Thing jokes
Doctor: I have bad news.
Man: What?
Doctor: There are two things wrong with you. First, you have cancer.
Man: Oh, no...
Doctor: Second, you have Alzheimer's.
Man: Well, at least I don't have cancer!
What's the good thing about child perverts?
They drive slow in a school zone.
Have anyone seen my balls? I can't find them on my chest.
Hey! My balls are on your thing!
I like touching things that have been in space. I was super excited when I got to meet an astronaut.
Would you rather listen to Justin Bieber or die in the slowest and most painful way possible?
They're the same thing.
Memes
The thing about 9/11 and the jokes about it, for most people it flew over their head, for some it flew into their head.
What is the difference between a normal kid and an emo kid?
"I like ya cut G" means two different things.
What’s the bravest thing a man can do?
Say, “I’m going to get milk!” to his wife and kids.
Thing 1: What's the difference between nuts and almonds?
Thing 2: I don't know, what?
Thing 1: One gets hard faster.
Hey, join me. I be near the tree. Bring things to.

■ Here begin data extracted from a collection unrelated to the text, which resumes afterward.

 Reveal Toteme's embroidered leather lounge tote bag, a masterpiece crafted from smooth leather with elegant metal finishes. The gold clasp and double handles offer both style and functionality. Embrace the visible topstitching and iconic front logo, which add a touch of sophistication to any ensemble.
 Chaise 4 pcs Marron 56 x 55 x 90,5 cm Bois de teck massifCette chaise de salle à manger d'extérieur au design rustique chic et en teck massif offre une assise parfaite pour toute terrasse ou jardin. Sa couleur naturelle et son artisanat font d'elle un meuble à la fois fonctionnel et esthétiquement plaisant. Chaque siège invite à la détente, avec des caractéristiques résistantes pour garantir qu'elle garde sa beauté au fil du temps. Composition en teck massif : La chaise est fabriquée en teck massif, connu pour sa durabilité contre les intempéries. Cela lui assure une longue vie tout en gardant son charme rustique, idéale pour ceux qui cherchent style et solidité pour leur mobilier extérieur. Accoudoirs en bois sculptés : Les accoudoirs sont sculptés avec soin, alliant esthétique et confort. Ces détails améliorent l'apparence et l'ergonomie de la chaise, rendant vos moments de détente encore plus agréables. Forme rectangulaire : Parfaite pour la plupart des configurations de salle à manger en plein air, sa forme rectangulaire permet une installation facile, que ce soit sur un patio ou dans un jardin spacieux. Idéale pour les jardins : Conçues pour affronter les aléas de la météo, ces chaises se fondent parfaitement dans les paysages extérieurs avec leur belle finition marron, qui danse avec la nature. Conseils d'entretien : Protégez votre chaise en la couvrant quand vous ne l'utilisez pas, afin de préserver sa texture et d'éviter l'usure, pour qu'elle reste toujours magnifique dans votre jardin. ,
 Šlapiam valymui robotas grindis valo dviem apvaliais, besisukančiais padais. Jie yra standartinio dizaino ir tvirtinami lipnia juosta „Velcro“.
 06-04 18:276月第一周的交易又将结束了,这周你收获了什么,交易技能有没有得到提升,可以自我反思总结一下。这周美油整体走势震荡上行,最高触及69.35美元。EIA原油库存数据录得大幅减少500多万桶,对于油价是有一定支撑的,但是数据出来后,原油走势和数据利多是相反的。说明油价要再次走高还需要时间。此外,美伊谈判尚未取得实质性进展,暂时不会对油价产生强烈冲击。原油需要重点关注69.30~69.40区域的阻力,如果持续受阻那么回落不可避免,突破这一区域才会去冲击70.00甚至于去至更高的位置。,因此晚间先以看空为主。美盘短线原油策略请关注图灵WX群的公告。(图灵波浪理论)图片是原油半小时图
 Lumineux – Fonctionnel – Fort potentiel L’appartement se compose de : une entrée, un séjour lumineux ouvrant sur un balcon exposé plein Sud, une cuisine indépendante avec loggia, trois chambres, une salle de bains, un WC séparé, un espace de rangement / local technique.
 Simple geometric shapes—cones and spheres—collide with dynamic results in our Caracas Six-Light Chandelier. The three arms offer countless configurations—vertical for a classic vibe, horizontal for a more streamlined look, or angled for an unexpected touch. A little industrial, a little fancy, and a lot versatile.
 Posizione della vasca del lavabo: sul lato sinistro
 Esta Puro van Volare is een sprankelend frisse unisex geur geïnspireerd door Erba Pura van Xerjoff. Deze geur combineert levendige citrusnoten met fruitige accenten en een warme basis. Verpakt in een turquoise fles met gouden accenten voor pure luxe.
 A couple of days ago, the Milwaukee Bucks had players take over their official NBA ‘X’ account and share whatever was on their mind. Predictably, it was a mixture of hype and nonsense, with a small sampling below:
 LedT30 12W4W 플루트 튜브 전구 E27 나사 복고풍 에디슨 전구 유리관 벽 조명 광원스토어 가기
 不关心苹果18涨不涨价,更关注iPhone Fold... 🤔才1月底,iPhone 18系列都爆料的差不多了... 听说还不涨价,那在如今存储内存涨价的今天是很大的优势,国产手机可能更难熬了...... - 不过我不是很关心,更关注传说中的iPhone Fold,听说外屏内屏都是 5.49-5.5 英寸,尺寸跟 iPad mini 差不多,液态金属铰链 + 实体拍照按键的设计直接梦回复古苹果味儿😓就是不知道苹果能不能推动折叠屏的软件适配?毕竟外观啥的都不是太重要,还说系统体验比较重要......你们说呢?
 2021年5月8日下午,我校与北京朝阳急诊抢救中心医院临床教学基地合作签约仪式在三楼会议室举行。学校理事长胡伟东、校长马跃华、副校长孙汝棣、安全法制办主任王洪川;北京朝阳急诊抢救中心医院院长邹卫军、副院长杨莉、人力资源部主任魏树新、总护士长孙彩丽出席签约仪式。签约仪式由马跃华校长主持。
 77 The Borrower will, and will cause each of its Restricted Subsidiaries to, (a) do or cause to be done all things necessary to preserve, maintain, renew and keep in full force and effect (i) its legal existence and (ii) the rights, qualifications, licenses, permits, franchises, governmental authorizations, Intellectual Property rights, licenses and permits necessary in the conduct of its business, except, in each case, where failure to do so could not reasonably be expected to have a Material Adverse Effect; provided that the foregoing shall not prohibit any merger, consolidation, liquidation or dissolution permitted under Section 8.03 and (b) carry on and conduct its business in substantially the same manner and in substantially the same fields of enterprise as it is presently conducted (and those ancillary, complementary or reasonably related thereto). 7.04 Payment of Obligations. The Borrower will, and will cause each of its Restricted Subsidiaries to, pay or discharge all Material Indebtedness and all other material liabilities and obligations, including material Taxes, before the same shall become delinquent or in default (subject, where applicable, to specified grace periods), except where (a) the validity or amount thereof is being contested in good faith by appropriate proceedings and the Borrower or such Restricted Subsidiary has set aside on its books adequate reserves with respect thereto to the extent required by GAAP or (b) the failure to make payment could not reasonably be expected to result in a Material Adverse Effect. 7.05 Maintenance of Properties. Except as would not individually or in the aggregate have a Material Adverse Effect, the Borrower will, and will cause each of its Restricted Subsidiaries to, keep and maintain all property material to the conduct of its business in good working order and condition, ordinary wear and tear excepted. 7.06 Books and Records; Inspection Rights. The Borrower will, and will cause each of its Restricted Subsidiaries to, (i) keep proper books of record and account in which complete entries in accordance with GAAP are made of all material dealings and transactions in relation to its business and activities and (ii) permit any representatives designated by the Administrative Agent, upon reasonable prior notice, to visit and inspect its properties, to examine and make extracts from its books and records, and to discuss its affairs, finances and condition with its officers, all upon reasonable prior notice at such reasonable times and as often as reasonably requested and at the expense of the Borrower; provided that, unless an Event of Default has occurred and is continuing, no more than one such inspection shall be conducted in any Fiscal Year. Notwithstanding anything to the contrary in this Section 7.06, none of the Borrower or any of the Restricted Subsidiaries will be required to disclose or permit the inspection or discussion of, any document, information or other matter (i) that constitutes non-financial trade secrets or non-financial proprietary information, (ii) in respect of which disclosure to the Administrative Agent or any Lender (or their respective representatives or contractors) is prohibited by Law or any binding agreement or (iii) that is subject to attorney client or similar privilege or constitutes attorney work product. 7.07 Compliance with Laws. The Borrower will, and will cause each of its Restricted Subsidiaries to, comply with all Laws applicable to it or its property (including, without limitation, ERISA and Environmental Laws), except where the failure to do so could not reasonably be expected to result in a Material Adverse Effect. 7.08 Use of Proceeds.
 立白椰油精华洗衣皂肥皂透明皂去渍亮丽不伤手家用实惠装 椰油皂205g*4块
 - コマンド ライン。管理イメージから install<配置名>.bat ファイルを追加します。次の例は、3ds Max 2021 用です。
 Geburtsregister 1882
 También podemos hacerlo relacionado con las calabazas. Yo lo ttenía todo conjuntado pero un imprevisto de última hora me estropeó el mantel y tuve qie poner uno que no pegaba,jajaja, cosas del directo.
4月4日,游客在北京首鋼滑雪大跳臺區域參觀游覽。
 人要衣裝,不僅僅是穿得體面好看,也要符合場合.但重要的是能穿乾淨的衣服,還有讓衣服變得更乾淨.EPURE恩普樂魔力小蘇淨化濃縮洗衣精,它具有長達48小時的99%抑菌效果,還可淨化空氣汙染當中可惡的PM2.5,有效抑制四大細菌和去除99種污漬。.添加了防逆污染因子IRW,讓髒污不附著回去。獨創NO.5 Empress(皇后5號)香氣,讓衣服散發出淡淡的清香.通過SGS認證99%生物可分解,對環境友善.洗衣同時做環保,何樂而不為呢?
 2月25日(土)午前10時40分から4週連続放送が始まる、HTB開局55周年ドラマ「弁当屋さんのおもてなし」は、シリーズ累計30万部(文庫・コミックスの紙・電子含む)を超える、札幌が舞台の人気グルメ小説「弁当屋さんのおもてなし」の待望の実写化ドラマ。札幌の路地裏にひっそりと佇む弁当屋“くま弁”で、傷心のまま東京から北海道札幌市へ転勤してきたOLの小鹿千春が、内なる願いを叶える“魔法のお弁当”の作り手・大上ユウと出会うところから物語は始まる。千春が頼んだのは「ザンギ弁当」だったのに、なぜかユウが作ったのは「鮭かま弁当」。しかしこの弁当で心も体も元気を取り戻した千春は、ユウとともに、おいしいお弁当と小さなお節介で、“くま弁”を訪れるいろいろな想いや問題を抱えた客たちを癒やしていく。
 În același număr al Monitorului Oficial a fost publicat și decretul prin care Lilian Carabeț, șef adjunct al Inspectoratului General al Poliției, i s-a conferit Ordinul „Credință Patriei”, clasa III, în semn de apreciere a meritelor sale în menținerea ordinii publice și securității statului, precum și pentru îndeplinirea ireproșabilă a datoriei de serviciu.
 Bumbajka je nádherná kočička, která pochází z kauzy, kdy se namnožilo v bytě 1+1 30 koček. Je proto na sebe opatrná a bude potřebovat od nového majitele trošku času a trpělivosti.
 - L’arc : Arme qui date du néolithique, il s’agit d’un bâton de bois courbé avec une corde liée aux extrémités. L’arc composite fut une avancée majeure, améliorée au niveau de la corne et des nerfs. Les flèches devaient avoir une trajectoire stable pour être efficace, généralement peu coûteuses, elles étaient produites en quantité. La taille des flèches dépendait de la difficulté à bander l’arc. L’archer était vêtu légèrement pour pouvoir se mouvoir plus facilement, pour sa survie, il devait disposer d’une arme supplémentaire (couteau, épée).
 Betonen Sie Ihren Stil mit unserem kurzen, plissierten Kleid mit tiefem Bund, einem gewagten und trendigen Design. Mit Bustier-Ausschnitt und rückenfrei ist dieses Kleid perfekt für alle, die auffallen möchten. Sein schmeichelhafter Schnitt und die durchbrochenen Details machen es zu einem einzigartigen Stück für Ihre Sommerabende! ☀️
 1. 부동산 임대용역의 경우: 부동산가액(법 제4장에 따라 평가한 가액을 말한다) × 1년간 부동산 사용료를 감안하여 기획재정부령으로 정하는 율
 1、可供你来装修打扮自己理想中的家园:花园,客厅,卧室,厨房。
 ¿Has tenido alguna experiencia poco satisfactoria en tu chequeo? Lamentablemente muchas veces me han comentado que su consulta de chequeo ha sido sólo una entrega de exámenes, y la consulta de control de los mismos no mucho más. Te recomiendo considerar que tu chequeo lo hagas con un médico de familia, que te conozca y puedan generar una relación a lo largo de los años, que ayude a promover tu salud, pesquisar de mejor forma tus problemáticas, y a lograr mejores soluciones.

What do you give a dog with a fever?
Mustard, it's the best thing for a hot dog!
When I got to you and I was android and we were all in Minecraft for the last two years and we had the same problem UI with you anymore but you can see it on Instagram that it is not a real time thing or a android.
MMM ppl just chat random things together.... JUST WRITE JOKES YA'LL!
Sorry man... I kinda messed those things up.
What similarities do peeping Toms and spies share?
They both see things they shouldn't.
Hey, that's the thing my grandpa has. They say that to treat it, I should call him a bitch!
Having cockroaches in the house is a sign that you've food.
These things are like Ugandan girls, they hate poverty.
What's the best thing about stage 4 cancer?
There's no stage 5.
My three favorite things are eating my family, and not using commas.
If a black person calls you a cracker, let them say it. You can say things they can't say, like, "Thanks for the warning, officer!"